*DATA EXTRACTS*
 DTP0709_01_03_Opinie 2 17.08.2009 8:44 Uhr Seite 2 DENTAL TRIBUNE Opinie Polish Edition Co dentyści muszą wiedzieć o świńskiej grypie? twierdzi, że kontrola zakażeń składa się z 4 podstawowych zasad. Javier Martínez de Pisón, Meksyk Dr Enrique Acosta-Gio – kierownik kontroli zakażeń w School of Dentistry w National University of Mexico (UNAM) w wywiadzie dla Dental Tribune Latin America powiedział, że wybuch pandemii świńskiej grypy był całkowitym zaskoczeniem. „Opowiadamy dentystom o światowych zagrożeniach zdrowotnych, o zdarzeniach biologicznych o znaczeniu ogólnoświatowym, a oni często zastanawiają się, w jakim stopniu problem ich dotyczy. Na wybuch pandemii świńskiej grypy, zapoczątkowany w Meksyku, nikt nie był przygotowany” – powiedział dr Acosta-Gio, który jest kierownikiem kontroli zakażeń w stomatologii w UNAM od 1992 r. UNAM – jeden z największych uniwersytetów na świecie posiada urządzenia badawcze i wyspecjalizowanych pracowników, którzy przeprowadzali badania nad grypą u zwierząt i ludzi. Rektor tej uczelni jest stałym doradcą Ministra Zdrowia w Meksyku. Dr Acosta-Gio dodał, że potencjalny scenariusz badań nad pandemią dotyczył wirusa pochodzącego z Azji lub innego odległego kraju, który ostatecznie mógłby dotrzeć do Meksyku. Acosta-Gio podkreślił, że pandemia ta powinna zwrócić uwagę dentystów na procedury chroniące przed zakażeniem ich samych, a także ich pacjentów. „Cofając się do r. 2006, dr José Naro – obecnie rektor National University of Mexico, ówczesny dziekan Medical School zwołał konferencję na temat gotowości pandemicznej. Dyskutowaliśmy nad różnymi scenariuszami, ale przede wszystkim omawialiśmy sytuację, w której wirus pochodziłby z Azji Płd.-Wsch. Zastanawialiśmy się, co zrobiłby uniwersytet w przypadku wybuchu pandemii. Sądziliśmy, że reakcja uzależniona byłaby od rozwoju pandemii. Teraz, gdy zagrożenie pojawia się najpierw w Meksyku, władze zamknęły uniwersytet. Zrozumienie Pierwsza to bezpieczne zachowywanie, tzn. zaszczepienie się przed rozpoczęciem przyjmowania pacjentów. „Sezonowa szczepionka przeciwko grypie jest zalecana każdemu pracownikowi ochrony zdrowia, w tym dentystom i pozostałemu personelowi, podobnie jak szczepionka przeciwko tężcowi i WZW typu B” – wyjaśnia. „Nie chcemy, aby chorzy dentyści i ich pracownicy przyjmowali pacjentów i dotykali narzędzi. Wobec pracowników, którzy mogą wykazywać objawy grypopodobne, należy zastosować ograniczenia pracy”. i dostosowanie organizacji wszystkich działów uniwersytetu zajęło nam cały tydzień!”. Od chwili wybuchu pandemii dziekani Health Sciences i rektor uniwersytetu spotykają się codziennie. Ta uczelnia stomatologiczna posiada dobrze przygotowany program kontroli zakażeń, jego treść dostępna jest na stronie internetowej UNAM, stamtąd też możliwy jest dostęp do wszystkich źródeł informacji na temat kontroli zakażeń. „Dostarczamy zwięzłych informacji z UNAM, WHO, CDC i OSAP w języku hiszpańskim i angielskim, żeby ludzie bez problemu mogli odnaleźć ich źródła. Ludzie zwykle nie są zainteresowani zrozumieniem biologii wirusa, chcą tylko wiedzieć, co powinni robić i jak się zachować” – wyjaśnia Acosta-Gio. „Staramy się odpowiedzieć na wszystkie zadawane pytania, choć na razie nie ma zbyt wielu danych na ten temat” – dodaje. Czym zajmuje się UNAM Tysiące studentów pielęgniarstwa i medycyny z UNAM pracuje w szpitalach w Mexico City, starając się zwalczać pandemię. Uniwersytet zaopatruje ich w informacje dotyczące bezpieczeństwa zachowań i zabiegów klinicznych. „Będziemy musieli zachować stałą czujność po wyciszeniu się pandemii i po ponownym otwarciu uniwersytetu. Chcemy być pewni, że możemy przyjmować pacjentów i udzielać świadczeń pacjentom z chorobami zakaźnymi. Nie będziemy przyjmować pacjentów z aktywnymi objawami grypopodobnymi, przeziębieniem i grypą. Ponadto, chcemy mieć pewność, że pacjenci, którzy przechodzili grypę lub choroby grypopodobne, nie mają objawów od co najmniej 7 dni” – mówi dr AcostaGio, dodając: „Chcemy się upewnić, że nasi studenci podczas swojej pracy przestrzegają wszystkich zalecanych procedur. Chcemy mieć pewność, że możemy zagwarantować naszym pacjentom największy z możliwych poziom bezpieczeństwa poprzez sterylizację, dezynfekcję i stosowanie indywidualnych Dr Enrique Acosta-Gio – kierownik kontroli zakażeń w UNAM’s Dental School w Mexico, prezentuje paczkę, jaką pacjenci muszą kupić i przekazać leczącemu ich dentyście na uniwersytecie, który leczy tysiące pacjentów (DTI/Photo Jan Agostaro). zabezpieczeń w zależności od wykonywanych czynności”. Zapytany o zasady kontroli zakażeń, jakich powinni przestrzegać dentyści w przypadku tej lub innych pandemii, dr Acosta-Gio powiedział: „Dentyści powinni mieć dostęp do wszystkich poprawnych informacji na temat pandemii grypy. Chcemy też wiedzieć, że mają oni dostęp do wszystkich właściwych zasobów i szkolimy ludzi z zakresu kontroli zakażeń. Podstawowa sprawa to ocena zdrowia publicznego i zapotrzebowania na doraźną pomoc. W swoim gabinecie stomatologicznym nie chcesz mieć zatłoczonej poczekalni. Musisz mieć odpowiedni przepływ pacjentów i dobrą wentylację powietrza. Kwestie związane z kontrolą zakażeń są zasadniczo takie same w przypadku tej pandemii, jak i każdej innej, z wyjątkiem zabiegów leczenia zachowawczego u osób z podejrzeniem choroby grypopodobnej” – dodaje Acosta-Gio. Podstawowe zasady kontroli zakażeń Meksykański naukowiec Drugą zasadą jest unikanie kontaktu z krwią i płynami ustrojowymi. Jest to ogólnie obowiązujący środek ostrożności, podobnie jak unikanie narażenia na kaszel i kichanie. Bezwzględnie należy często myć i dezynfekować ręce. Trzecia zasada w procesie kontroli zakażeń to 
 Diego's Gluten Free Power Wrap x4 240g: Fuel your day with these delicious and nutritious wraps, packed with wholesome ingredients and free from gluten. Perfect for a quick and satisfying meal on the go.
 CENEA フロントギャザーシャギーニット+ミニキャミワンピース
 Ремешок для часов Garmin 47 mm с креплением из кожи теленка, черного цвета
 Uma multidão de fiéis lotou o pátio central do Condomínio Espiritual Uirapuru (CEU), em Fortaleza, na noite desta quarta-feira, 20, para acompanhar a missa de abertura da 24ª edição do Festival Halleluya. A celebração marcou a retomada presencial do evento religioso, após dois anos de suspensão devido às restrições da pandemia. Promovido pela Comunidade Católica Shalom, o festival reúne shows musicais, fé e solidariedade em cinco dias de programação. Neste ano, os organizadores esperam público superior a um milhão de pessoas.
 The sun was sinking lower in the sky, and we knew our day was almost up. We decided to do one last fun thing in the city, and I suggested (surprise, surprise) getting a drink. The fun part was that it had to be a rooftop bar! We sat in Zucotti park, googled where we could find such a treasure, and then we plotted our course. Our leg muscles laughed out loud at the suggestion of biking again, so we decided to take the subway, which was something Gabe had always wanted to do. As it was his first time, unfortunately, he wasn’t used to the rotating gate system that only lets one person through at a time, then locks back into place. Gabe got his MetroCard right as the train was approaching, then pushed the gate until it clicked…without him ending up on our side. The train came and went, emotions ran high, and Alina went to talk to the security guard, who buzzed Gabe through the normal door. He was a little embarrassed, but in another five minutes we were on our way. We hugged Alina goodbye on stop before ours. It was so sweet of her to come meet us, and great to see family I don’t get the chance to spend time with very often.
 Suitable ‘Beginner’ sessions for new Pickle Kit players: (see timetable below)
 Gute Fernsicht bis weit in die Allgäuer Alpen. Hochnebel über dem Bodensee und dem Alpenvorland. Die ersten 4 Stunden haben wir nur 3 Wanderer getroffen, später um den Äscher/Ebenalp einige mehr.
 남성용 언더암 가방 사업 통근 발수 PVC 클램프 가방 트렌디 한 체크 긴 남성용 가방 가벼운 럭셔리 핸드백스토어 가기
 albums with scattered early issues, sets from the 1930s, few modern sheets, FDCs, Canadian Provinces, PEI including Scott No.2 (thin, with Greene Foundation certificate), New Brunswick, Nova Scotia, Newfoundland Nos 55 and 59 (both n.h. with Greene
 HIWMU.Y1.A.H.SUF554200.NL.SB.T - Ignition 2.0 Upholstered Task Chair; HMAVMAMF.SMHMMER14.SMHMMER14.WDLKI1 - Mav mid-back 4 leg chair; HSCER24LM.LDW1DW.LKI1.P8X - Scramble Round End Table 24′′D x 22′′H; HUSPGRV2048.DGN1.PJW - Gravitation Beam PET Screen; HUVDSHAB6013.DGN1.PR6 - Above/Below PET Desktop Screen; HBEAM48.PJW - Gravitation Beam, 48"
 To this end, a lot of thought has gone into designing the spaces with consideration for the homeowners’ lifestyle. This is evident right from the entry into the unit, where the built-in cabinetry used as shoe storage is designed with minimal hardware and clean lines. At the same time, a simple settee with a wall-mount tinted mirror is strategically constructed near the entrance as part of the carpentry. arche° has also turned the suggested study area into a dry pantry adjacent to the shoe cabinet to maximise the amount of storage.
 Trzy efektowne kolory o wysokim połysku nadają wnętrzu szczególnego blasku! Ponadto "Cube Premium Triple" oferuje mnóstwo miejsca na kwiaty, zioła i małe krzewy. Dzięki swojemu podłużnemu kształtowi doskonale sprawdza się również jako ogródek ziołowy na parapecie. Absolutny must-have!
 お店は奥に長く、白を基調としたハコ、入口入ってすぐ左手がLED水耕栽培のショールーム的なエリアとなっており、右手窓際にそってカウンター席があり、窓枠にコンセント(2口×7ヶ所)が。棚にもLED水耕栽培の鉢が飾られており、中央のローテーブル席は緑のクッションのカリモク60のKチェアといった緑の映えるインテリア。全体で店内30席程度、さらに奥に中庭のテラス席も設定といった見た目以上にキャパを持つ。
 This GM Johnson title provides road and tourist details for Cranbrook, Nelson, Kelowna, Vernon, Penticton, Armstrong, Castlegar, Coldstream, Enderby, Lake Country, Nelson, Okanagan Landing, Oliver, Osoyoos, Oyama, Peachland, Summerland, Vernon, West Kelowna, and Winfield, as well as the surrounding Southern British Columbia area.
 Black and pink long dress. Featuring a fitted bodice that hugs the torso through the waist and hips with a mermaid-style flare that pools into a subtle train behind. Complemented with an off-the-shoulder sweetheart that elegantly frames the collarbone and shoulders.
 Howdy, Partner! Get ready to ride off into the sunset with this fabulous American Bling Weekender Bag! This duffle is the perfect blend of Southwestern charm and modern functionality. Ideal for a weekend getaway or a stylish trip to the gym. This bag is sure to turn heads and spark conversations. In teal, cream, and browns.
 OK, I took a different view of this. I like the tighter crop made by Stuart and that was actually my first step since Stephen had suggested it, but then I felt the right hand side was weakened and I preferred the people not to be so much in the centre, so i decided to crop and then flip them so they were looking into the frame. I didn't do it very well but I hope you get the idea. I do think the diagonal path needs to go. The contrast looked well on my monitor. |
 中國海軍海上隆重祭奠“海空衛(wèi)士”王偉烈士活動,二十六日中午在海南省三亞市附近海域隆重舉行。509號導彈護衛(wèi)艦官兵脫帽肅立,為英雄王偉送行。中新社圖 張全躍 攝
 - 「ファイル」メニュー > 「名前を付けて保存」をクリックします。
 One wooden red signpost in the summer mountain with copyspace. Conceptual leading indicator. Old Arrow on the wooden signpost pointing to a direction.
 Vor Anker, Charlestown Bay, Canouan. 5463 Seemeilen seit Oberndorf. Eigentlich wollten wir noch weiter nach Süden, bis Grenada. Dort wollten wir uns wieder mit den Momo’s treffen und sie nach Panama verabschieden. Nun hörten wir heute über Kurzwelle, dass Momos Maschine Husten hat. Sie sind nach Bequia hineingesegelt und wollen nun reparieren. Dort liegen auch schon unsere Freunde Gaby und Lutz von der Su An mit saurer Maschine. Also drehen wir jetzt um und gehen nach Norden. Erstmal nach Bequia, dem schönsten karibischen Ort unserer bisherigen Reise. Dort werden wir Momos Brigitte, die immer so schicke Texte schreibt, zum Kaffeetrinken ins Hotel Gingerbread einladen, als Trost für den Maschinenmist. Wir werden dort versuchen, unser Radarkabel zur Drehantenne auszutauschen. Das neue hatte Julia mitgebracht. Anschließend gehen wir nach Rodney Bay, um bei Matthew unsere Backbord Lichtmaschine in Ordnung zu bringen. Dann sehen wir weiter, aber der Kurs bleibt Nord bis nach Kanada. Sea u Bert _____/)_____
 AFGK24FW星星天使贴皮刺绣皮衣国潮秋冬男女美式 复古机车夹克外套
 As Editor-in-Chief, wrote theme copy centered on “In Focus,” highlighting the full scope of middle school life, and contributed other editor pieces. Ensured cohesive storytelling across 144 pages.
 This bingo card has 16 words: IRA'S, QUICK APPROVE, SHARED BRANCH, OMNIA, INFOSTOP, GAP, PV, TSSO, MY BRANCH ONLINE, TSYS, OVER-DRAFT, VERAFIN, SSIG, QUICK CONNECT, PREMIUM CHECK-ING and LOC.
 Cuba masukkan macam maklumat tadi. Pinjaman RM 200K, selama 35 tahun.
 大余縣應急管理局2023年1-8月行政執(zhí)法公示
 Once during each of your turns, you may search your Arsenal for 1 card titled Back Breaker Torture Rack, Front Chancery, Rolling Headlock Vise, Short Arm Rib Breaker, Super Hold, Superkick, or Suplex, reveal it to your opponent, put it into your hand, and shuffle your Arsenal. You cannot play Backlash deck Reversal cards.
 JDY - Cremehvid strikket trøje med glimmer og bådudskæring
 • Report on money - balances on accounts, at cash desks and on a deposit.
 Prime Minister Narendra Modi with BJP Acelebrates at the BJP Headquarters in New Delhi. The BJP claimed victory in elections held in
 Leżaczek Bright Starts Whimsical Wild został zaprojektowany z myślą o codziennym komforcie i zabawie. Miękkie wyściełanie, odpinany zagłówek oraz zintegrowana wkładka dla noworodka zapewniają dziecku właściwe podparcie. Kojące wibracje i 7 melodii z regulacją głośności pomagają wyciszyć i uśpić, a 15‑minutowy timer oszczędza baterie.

*PROBLEM DESCRIPTION*
Out of the data above, transcribe exactly and only the lines starting with the line that has "お店は奥に長く、白を基調とし" and going on through the line that has "Howdy, Partner! Get", both included.

*ANSWER SPACE*
 お店は奥に長く、白を基調としたハコ、入口入ってすぐ左手がLED水耕栽培のショールーム的なエリアとなっており、右手窓際にそってカウンター席があり、窓枠にコンセント(2口×7ヶ所)が。棚にもLED水耕栽培の鉢が飾られており、中央のローテーブル席は緑のクッションのカリモク60のKチェアといった緑の映えるインテリア。全体で店内30席程度、さらに奥に中庭のテラス席も設定といった見た目以上にキャパを持つ。
 This GM Johnson title provides road and tourist details for Cranbrook, Nelson, Kelowna, Vernon, Penticton, Armstrong, Castlegar, Coldstream, Enderby, Lake Country, Nelson, Okanagan Landing, Oliver, Osoyoos, Oyama, Peachland, Summerland, Vernon, West Kelowna, and Winfield, as well as the surrounding Southern British Columbia area.
 Black and pink long dress. Featuring a fitted bodice that hugs the torso through the waist and hips with a mermaid-style flare that pools into a subtle train behind. Complemented with an off-the-shoulder sweetheart that elegantly frames the collarbone and shoulders.
 Howdy, Partner! Get ready to ride off into the sunset with this fabulous American Bling Weekender Bag! This duffle is the perfect blend of Southwestern charm and modern functionality. Ideal for a weekend getaway or a stylish trip to the gym. This bag is sure to turn heads and spark conversations. In teal, cream, and browns.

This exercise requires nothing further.